My two latest spectra taken from "OHP station" (now we are at Juan les Pins
) - the nebular phase quick coming :
I have a important question for the observers who calibrate spectra in absolute value. Are you using a narrow slit or a slitless slit (large photometric slit) ?
As you know, the presence of atmospheric chromatism (the nova is not very high above the horizon from France) with a narrow slit can cause significant errors on the shape of the continuum.
In my case I use a refractor, which adds the problem of instrumental chromatism (although the FSQ106ED is apochromatic). The telescopes equipped with focal reducers can know also difficulties (less in general, but be careful ...)
For me these two phenomena and the setup produce high spectral distortion in the form of the continuum for the nova. For example, the ratio of a slit spectrum and a slitless spectrum (Alpy600 180 microns photometric slit) of the same star nearly the same time. The aspect of the continuum is very changing between the two situations !!!
To correct this dramatic (but ultimately classic) problem, I intensively exploited the photometric slit during the OHP run. For information, here I describe quickly the adopte protocol, I named "flash photometric correction" :
Step 1 : observation of a standard star (Miles) by using narrow slit (here 18 microns wide and a relatively short exposure time -> standard processing -> check and/or extraction of wavelength calibration function ("S0" spectrum)
Step 2 : observation of the same standard star by using the photometric slit (180 microns wide) - important point : no response correction applied (nearly the apparent spectrum view by the detector). Relatively short exposure observation (i.e. "flash"), typically 2 to 5 minutes exposure time. The result is the "S1" spectrum.
Step 3 : calculate the ratio S1 / "MILES" ("MILES" = the expected true profile is from the Miles data base). The result is the "PSR" profile (Photometric Spectral Response Profile).

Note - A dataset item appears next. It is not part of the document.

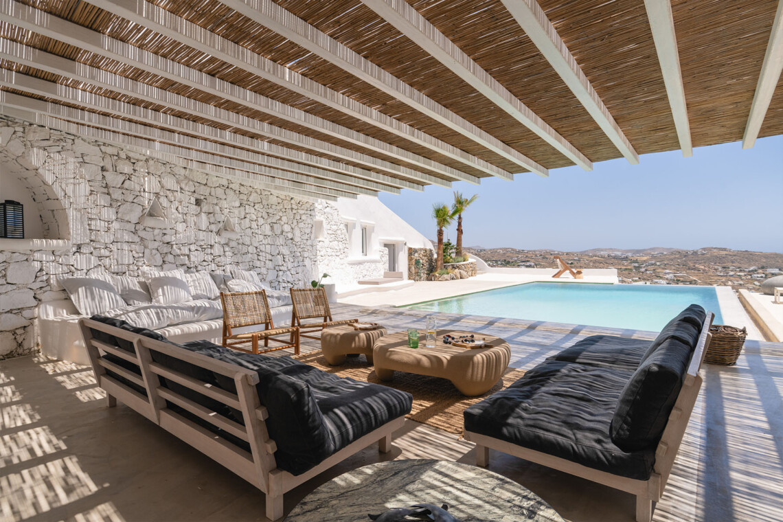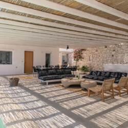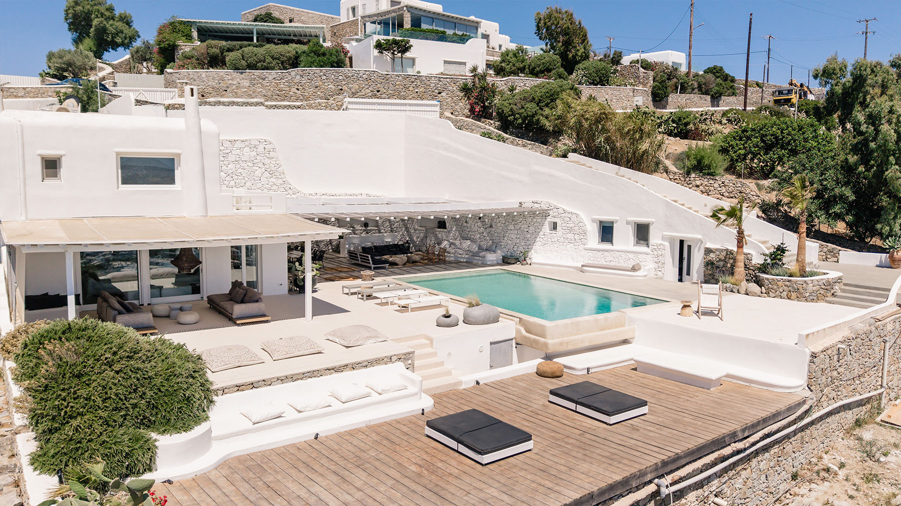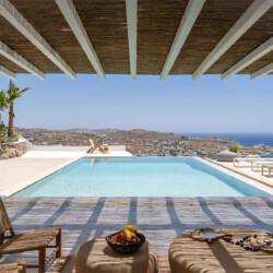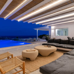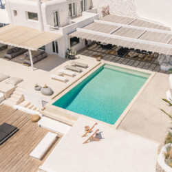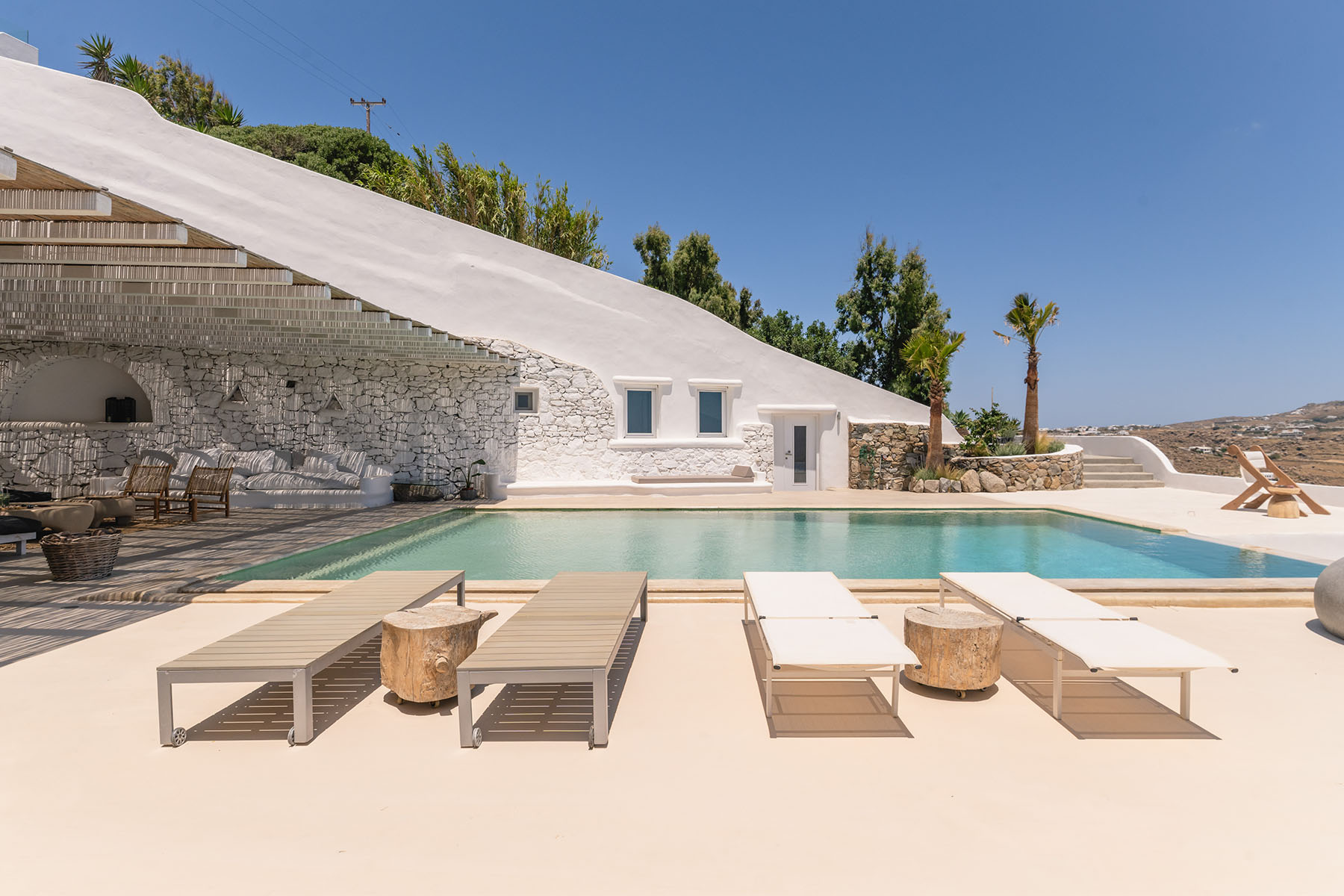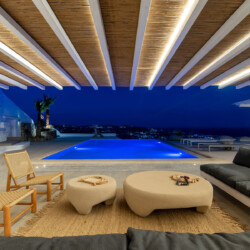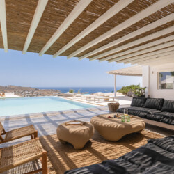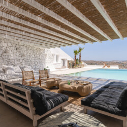 Inspired by traditional Mykonian houses, the villa’s organically shaped main house, independent guest studio, and pool guest house create spaces for quiet contemplation, leisurely meals, and alfresco dinners with friends and family. The location provides proximity to social beach vibes, shopping, and culinary scenes at popular spots like Nammos, Scorpios, Zuma, Budha Bar, Alemagou, and Mykonos Town.

Step 4 : observation of the target objet (here the nova) by using the photometric slit - important point : no response correction applied at this stage - "flash" procedure (short exposure time, the idea is to obtain the global acceptable form of the continuum and eventually absolutes flux infos). Result is the "S2" spectrum.
Step 5 : compute the ratio S2 / PSR -> "S3" spectrum. The S3 is the probable true spectral profile of the target (but some noisy because short integration time and degraded spectral resolution because use of a slitless mode).
Step 6 : observation of the target object (here the nova) by using a normal method : narrow slit and long exposure for the desired SNR. Do not applied here response correction. The result is the intermediate "S4" science profile of the target.
Step 7 : Compute a spectral correction term, the SSRT (for Slit Spectral Relative Transmission) : SSRT = S4 / S3.
Step 8 : smooth the SSRT profile (ISIS "continuum" tools for example -> remove hight frequency artifact) give the SSRT2 function.
Step 9 : Compute the "S5" final science profile : S5 = S4 / SSRT2.
The final equation is :
S5 = S4 x smooth[ (S2 x MILES) / (S1 x S4) ]
The procedure may seem long and tedious, but this is not really the case and it can be automated (you have to observe S1, S2 and S4 spectrum). This is the rather rigorous method that allowed me to obtain relatively correct spectra of nova during the "OHP campaign" by using a small refractor (but remember, a SCT telescope can be also affected).
The subject is important and deserves probably an exchange of opinions.